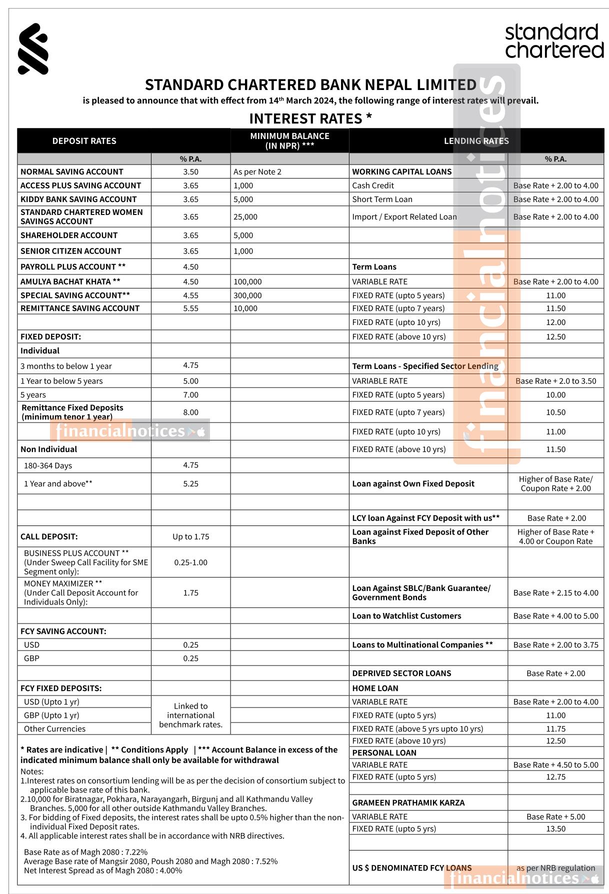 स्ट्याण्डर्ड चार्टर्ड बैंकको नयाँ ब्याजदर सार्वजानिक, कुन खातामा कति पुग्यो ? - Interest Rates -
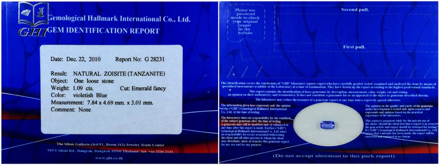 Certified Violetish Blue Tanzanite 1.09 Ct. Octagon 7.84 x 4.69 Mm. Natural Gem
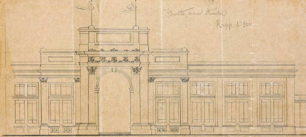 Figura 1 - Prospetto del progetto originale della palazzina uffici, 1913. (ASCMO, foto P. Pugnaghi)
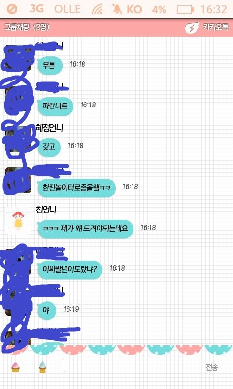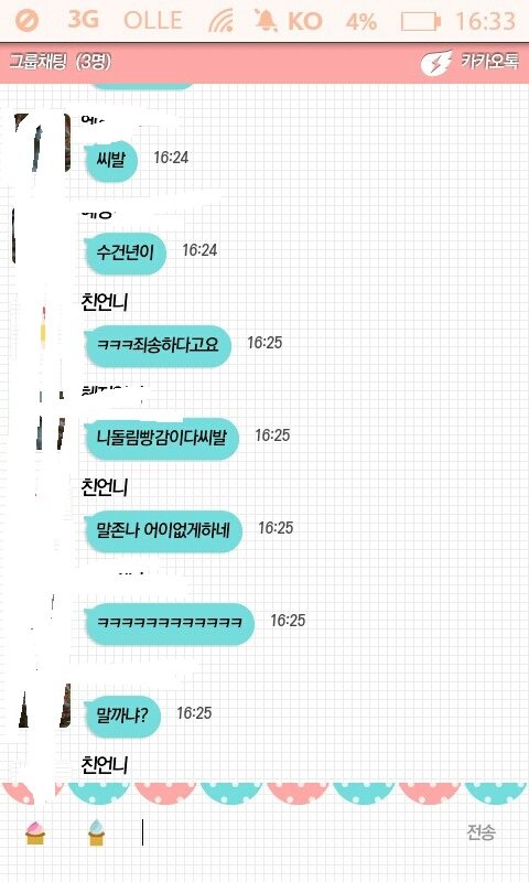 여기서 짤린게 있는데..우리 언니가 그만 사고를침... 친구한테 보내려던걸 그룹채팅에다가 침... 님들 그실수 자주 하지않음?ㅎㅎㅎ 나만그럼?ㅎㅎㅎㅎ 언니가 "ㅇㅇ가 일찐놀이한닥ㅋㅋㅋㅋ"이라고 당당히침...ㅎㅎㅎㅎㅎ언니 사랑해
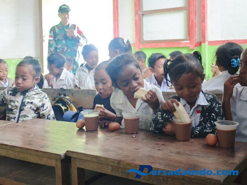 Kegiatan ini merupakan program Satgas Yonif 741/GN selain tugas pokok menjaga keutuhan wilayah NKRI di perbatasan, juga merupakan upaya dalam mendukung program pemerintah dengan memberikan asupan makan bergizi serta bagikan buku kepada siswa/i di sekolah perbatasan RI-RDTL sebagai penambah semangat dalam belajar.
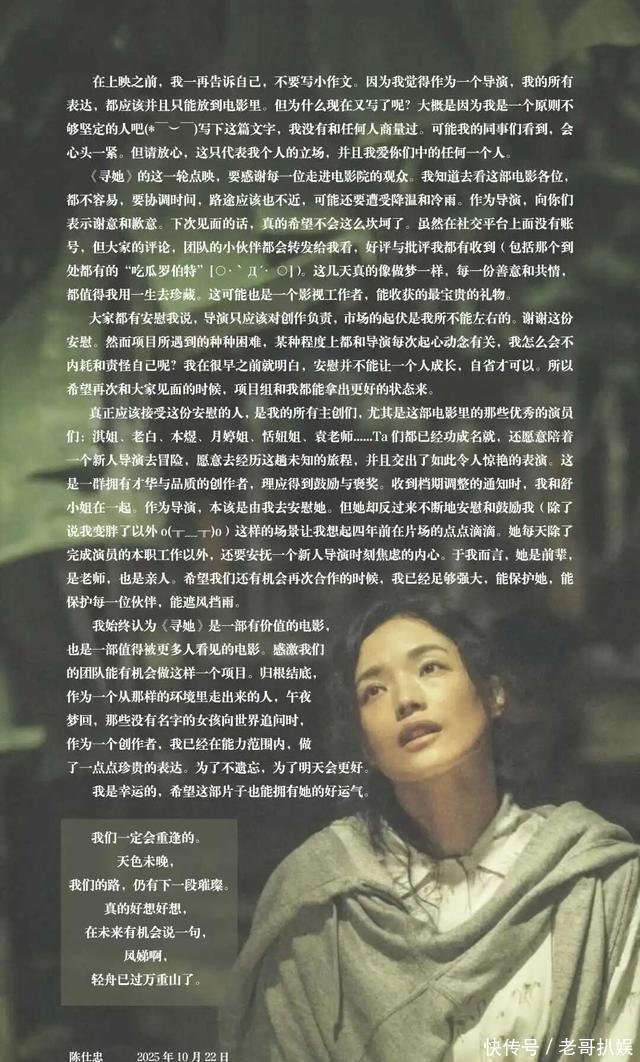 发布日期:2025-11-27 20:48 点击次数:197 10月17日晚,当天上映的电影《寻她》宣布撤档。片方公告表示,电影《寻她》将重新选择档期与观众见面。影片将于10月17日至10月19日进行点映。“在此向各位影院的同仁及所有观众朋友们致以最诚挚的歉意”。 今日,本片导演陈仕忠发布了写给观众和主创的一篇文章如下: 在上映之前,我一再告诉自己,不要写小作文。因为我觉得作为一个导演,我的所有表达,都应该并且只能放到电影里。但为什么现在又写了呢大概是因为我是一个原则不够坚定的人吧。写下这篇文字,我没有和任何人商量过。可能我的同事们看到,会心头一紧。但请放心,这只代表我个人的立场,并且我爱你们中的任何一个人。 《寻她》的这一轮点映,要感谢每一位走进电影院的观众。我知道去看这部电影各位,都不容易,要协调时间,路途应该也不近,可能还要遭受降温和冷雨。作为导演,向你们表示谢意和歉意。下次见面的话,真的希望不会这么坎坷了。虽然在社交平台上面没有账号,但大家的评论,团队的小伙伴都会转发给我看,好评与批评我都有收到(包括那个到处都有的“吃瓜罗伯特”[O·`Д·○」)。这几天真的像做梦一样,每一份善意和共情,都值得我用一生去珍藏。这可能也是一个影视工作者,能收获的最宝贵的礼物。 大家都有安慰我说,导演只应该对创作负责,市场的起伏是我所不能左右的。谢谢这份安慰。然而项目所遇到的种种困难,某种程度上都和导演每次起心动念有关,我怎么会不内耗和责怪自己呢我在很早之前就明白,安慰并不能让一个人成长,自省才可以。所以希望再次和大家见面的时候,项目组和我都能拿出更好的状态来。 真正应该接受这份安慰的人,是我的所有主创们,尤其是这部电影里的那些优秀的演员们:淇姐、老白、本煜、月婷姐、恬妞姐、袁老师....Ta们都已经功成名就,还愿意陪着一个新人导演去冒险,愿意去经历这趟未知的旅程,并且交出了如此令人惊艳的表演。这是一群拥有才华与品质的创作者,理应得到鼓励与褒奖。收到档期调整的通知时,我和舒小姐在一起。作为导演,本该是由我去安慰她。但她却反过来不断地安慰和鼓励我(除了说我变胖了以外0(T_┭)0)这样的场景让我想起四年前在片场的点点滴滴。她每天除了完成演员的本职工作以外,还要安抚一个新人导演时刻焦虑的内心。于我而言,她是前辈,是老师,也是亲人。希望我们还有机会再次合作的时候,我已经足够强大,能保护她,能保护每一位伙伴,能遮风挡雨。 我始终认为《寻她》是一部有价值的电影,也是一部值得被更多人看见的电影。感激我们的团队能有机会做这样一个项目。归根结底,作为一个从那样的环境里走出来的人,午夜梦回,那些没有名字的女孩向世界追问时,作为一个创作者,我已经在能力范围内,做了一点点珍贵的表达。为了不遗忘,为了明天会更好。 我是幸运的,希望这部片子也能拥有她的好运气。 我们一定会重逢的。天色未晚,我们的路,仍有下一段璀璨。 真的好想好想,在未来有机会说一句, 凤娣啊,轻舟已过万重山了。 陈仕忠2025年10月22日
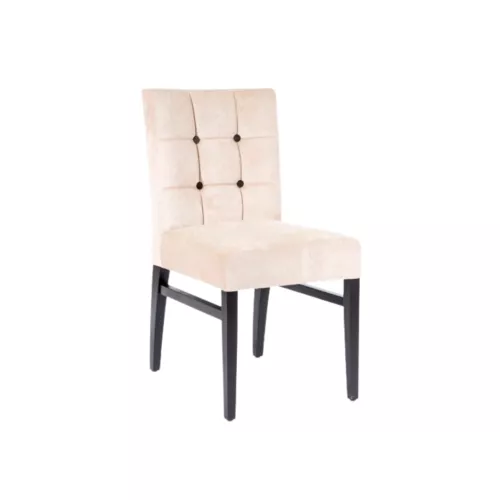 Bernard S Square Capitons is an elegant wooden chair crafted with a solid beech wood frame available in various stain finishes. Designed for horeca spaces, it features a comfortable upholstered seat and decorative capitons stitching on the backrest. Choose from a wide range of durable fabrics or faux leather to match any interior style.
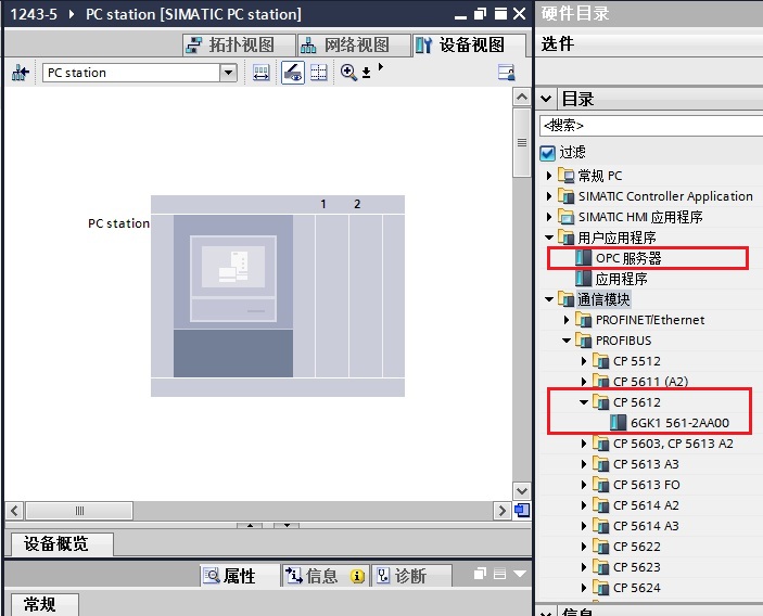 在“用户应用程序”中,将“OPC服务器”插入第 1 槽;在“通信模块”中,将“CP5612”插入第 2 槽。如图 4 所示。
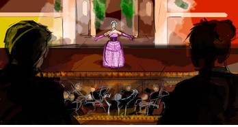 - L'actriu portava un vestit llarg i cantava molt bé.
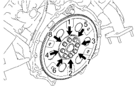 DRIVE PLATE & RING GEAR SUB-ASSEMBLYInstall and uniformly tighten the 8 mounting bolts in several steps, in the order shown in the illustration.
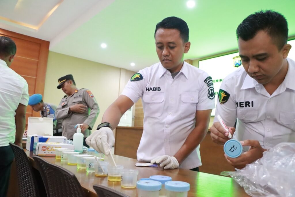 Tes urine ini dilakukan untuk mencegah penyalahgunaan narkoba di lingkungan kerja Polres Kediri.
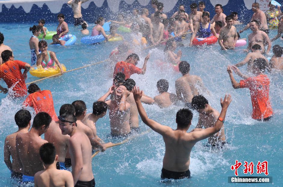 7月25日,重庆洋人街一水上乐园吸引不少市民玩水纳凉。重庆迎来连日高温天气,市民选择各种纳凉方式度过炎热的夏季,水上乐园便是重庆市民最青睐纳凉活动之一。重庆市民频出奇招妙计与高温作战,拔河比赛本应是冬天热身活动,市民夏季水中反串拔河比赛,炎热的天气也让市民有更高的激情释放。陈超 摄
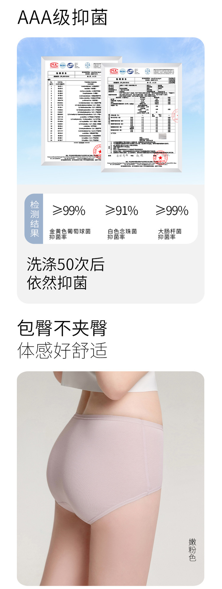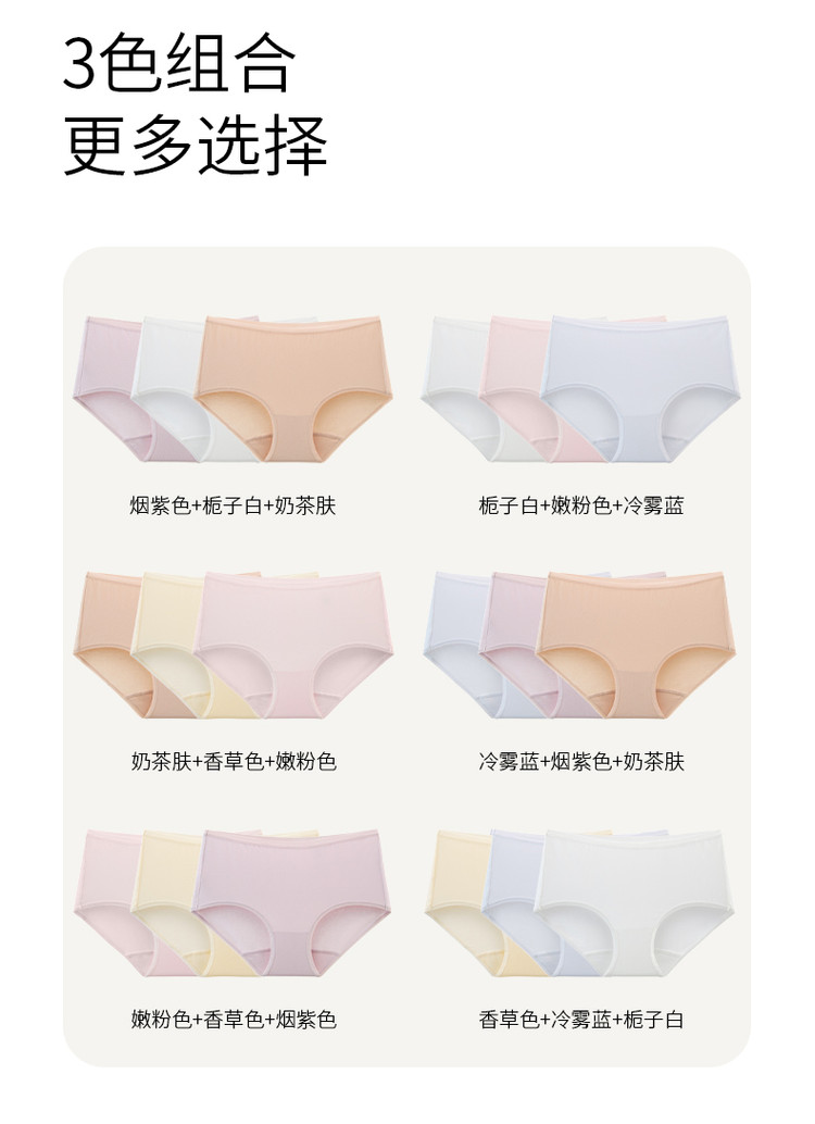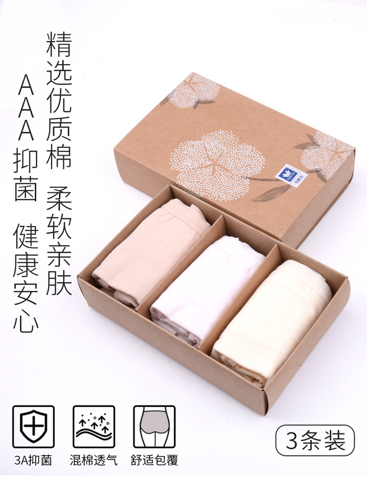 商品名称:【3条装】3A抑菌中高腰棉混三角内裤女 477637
····················
• [The task]: Reproduce each line above exactly, but not a single picture.

• [Response to the task]:
 स्ट्याण्डर्ड चार्टर्ड बैंकको नयाँ ब्याजदर सार्वजानिक, कुन खातामा कति पुग्यो ? - Interest Rates -
 Certified Violetish Blue Tanzanite 1.09 Ct. Octagon 7.84 x 4.69 Mm. Natural Gem
 Figura 1 - Prospetto del progetto originale della palazzina uffici, 1913. (ASCMO, foto P. Pugnaghi)
 여기서 짤린게 있는데..우리 언니가 그만 사고를침... 친구한테 보내려던걸 그룹채팅에다가 침... 님들 그실수 자주 하지않음?ㅎㅎㅎ 나만그럼?ㅎㅎㅎㅎ 언니가 "ㅇㅇ가 일찐놀이한닥ㅋㅋㅋㅋ"이라고 당당히침...ㅎㅎㅎㅎㅎ언니 사랑해
 Kegiatan ini merupakan program Satgas Yonif 741/GN selain tugas pokok menjaga keutuhan wilayah NKRI di perbatasan, juga merupakan upaya dalam mendukung program pemerintah dengan memberikan asupan makan bergizi serta bagikan buku kepada siswa/i di sekolah perbatasan RI-RDTL sebagai penambah semangat dalam belajar.
 发布日期:2025-11-27 20:48 点击次数:197 10月17日晚,当天上映的电影《寻她》宣布撤档。片方公告表示,电影《寻她》将重新选择档期与观众见面。影片将于10月17日至10月19日进行点映。“在此向各位影院的同仁及所有观众朋友们致以最诚挚的歉意”。 今日,本片导演陈仕忠发布了写给观众和主创的一篇文章如下: 在上映之前,我一再告诉自己,不要写小作文。因为我觉得作为一个导演,我的所有表达,都应该并且只能放到电影里。但为什么现在又写了呢大概是因为我是一个原则不够坚定的人吧。写下这篇文字,我没有和任何人商量过。可能我的同事们看到,会心头一紧。但请放心,这只代表我个人的立场,并且我爱你们中的任何一个人。 《寻她》的这一轮点映,要感谢每一位走进电影院的观众。我知道去看这部电影各位,都不容易,要协调时间,路途应该也不近,可能还要遭受降温和冷雨。作为导演,向你们表示谢意和歉意。下次见面的话,真的希望不会这么坎坷了。虽然在社交平台上面没有账号,但大家的评论,团队的小伙伴都会转发给我看,好评与批评我都有收到(包括那个到处都有的“吃瓜罗伯特”[O·`Д·○」)。这几天真的像做梦一样,每一份善意和共情,都值得我用一生去珍藏。这可能也是一个影视工作者,能收获的最宝贵的礼物。 大家都有安慰我说,导演只应该对创作负责,市场的起伏是我所不能左右的。谢谢这份安慰。然而项目所遇到的种种困难,某种程度上都和导演每次起心动念有关,我怎么会不内耗和责怪自己呢我在很早之前就明白,安慰并不能让一个人成长,自省才可以。所以希望再次和大家见面的时候,项目组和我都能拿出更好的状态来。 真正应该接受这份安慰的人,是我的所有主创们,尤其是这部电影里的那些优秀的演员们:淇姐、老白、本煜、月婷姐、恬妞姐、袁老师....Ta们都已经功成名就,还愿意陪着一个新人导演去冒险,愿意去经历这趟未知的旅程,并且交出了如此令人惊艳的表演。这是一群拥有才华与品质的创作者,理应得到鼓励与褒奖。收到档期调整的通知时,我和舒小姐在一起。作为导演,本该是由我去安慰她。但她却反过来不断地安慰和鼓励我(除了说我变胖了以外0(T_┭)0)这样的场景让我想起四年前在片场的点点滴滴。她每天除了完成演员的本职工作以外,还要安抚一个新人导演时刻焦虑的内心。于我而言,她是前辈,是老师,也是亲人。希望我们还有机会再次合作的时候,我已经足够强大,能保护她,能保护每一位伙伴,能遮风挡雨。 我始终认为《寻她》是一部有价值的电影,也是一部值得被更多人看见的电影。感激我们的团队能有机会做这样一个项目。归根结底,作为一个从那样的环境里走出来的人,午夜梦回,那些没有名字的女孩向世界追问时,作为一个创作者,我已经在能力范围内,做了一点点珍贵的表达。为了不遗忘,为了明天会更好。 我是幸运的,希望这部片子也能拥有她的好运气。 我们一定会重逢的。天色未晚,我们的路,仍有下一段璀璨。 真的好想好想,在未来有机会说一句, 凤娣啊,轻舟已过万重山了。 陈仕忠2025年10月22日
 Bernard S Square Capitons is an elegant wooden chair crafted with a solid beech wood frame available in various stain finishes. Designed for horeca spaces, it features a comfortable upholstered seat and decorative capitons stitching on the backrest. Choose from a wide range of durable fabrics or faux leather to match any interior style.
 在“用户应用程序”中,将“OPC服务器”插入第 1 槽;在“通信模块”中,将“CP5612”插入第 2 槽。如图 4 所示。
 - L'actriu portava un vestit llarg i cantava molt bé.
 DRIVE PLATE & RING GEAR SUB-ASSEMBLYInstall and uniformly tighten the 8 mounting bolts in several steps, in the order shown in the illustration.
 Tes urine ini dilakukan untuk mencegah penyalahgunaan narkoba di lingkungan kerja Polres Kediri.
 7月25日,重庆洋人街一水上乐园吸引不少市民玩水纳凉。重庆迎来连日高温天气,市民选择各种纳凉方式度过炎热的夏季,水上乐园便是重庆市民最青睐纳凉活动之一。重庆市民频出奇招妙计与高温作战,拔河比赛本应是冬天热身活动,市民夏季水中反串拔河比赛,炎热的天气也让市民有更高的激情释放。陈超 摄
 商品名称:【3条装】3A抑菌中高腰棉混三角内裤女 477637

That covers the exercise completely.